UNO STUDIO SUGLI EFFETTI DELL’INQUINAMENTO DELLE CENTRALI A CARBONE.

30 Novembre 2023

da doctor33.it

Secondo uno studio pubblicato su Science, negli Stati Uniti più di 460.000 decessi avvenuti tra il 1999 e il 2020 sono attribuibili all’esposizione alle emissioni di inquinamento atmosferico delle centrali elettriche a carbone. Nel documento si legge anche che, se da un lato i risultati evidenziano l’aumento dei rischi di mortalità legati alla produzione di elettricità dal carbone, dall’altro sottolineano anche l’efficacia delle politiche di riduzione delle emissioni nel prevenire l’eccesso di morti.

«L’esposizione all’inquinamento atmosferico è associata a cattive condizioni di salute e a un aumento del rischio di morte e le unità di generazione di elettricità (EGU) a carbone, le centrali elettriche, contribuiscono in modo determinante alla scarsa qualità dell’aria. Sebbene le emissioni di inquinamento atmosferico da carbone relativamente alle EGU siano diminuite negli Stati Uniti, si prevede che l’uso globale del carbone per la produzione di elettricità aumenterà» spiega Lucas Henneman, della George Mason University Volgenau School of Engineering di Fairfax, e della Harvard University di Boston (USA), primo autore dello studio.
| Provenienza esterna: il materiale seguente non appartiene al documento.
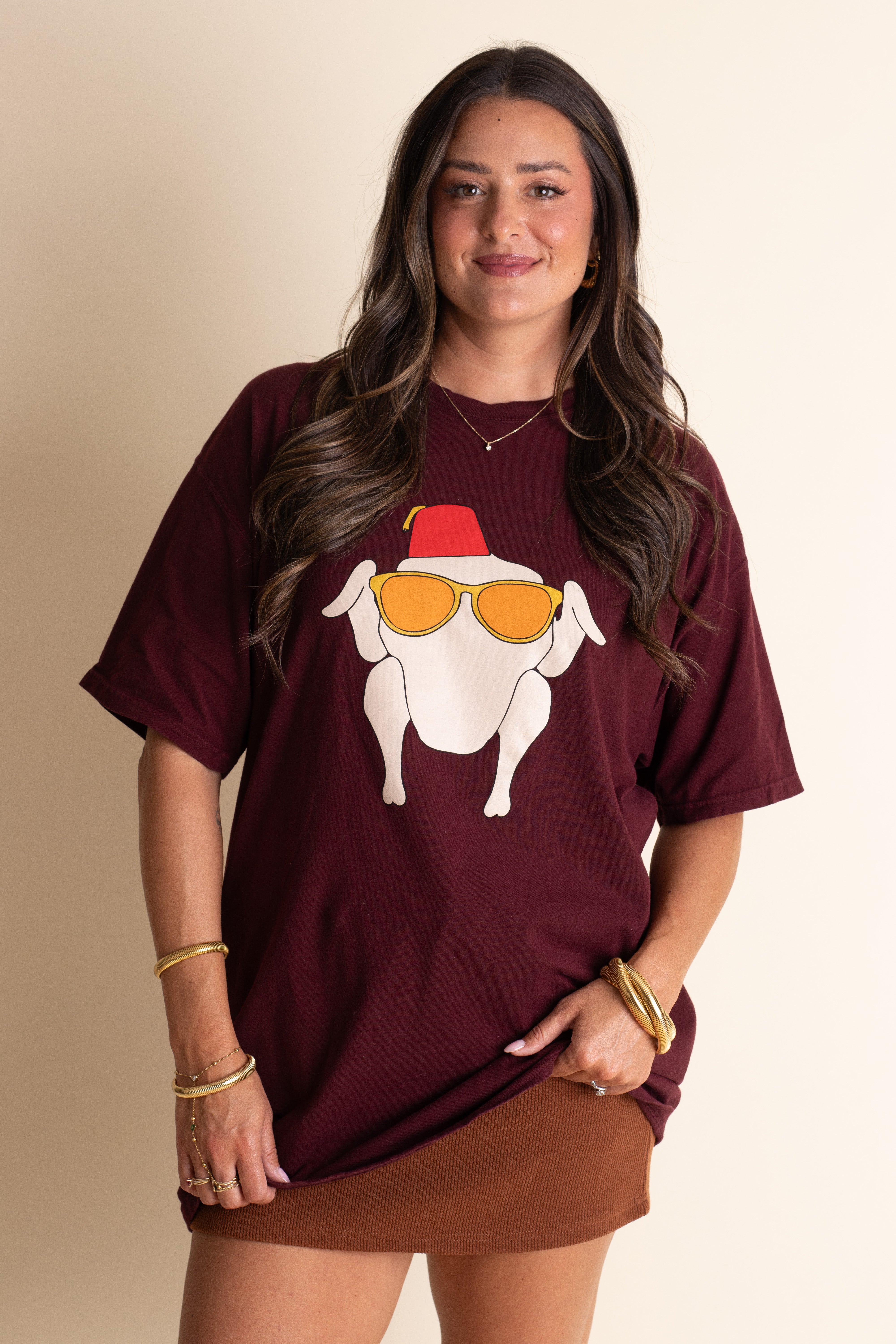 Celebrate Thanksgiving like a true Friend’s fan with our playful Friend’s Turkey Tee! This soft burgundy comfort wash shirt features the iconic turkey graphic screen printed right here in-house, blending festive fun with cozy comfort. Perfect for laughs and holiday vibes all season long.

Come spiegano i ricercatori, studi recenti hanno suggerito che l’esposizione al particolato fine (PM2,5) contenente anidride solforosa (SO2) derivante dalle emissioni della combustione del carbone è più mortale del PM2,5 proveniente da altre fonti, e i politici che cercano di limitare l’impatto dell’uso del carbone giustificano le normative quantificando l’onere sanitario attribuibile all’esposizione a queste fonti.

Tuttavia, misurare l’entità dell’impatto dell’inquinamento atmosferico derivante dalle EGU a carbone sulla salute umana, così come il successo delle misure per mitigare tali impatti, è impegnativo. Gli sforzi sono stati ostacolati dalla disponibilità limitata di database sanitari su larga scala e di stime di esposizione specifiche per fonte.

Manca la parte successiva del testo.